Source records ::

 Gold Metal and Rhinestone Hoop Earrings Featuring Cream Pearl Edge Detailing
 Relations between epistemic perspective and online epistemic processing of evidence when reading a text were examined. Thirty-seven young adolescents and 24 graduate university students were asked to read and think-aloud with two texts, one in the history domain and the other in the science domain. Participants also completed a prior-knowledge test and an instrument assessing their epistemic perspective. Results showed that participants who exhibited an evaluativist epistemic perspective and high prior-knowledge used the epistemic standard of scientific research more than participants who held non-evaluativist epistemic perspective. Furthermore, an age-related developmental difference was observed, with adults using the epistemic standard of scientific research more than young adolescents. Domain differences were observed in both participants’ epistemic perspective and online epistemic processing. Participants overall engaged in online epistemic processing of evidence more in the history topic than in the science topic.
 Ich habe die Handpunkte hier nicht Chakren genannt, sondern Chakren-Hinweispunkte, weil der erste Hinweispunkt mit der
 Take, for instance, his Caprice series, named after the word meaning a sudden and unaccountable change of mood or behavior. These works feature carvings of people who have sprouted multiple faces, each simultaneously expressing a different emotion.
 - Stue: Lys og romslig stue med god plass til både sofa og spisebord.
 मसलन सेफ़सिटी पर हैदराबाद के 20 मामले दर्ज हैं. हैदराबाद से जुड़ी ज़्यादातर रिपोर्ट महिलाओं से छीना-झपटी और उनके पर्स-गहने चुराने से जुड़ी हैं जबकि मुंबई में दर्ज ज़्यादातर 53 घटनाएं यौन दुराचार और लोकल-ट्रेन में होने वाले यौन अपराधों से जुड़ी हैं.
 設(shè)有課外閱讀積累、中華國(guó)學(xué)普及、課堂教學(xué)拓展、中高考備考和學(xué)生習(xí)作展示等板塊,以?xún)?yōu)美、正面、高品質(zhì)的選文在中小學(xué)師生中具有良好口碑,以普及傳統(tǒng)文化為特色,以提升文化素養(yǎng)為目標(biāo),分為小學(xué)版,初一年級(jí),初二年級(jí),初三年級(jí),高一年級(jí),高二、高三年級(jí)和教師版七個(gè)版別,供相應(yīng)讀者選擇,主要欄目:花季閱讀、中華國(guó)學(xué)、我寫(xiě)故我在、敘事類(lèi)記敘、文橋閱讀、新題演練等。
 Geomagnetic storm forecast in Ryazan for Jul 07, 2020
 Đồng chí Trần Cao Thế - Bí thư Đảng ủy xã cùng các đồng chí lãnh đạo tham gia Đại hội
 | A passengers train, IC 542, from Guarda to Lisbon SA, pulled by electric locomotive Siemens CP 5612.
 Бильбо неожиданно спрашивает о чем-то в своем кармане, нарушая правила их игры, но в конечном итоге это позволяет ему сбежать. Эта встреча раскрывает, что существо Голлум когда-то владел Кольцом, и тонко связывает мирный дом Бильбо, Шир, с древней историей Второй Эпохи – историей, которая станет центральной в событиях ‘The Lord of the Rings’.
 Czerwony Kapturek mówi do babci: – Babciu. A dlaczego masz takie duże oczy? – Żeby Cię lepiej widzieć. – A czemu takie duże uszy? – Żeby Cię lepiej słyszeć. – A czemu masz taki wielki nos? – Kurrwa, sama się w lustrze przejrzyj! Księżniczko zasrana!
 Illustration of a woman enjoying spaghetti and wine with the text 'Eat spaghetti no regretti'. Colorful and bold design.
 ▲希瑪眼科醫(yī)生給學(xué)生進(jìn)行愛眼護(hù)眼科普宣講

Exercise :: Working from the entries above, return all lines that contain "with".

Problem solution ::
 Relations between epistemic perspective and online epistemic processing of evidence when reading a text were examined. Thirty-seven young adolescents and 24 graduate university students were asked to read and think-aloud with two texts, one in the history domain and the other in the science domain. Participants also completed a prior-knowledge test and an instrument assessing their epistemic perspective. Results showed that participants who exhibited an evaluativist epistemic perspective and high prior-knowledge used the epistemic standard of scientific research more than participants who held non-evaluativist epistemic perspective. Furthermore, an age-related developmental difference was observed, with adults using the epistemic standard of scientific research more than young adolescents. Domain differences were observed in both participants’ epistemic perspective and online epistemic processing. Participants overall engaged in online epistemic processing of evidence more in the history topic than in the science topic.
 Illustration of a woman enjoying spaghetti and wine with the text 'Eat spaghetti no regretti'. Colorful and bold design.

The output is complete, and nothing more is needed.